SK Hynix U.S. Debut to Test AI Market Strength

South Korean chipmaker SK Hynix is scheduled to debut on the Nasdaq this Friday, with its listing expected to raise approximately $29 billion. This event could serve as a significant barometer for the broader market's health, particularly within the artificial intelligence sector. The company's stock has experienced a remarkable surge of 770% over the past 12 months on the Korea Exchange, driven by its critical role as a top supplier of high-bandwidth memory (HBM) chips, essential for AI applications, and as Nvidia's preferred provider. This rally has even surpassed that of Micron Technology, which saw a 700% increase in the same period.
The market's sensitivity to SK Hynix's performance was evident last month when comments about potentially slowing AI memory business led to the Kospi stock index experiencing its fifth-worst daily plunge in history. Global stock indexes followed suit, and subsequent strong earnings from Micron were insufficient to fully restore market confidence. Analysts at Capital Economics, including senior markets economist James Reilly, have expressed concern over such volatility, noting that similar selloffs have historically preceded bear markets, such as during the Asian financial crisis, the dot-com bubble, and the Great Financial Crisis. Reilly stated that this volatility suggests "excessive froth" and questions the sustainability of the current rally.

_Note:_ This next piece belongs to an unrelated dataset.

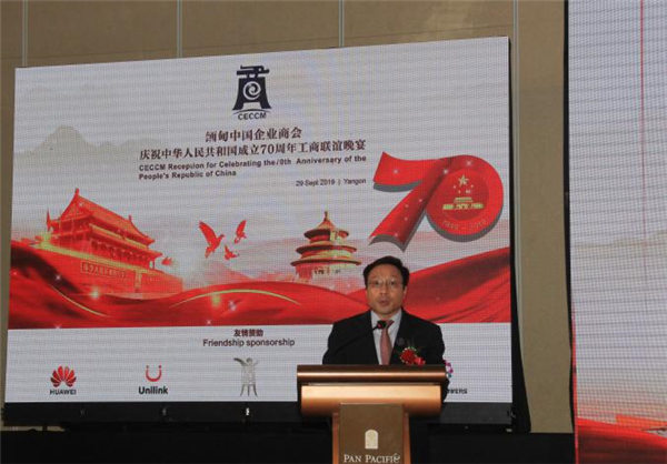 驻缅甸大使陈海出席缅甸中国企业商会庆祝中华人民共和国成立70周年工商联谊活动

The upcoming U.S. listing, while not as large as SpaceX's recent $86 billion IPO, is anticipated to be the largest first-time share sale by a foreign company on U.S. markets. The performance of SK Hynix's shares on the Nasdaq will be closely watched to gauge investor sentiment towards AI-related equities. The company's significant market capitalization and its pivotal position in the AI supply chain make its debut a crucial test for the ongoing market boom. The volatility observed in other AI-adjacent companies, such as SpaceX, further underscores the potential for significant price swings and the need for careful market assessment.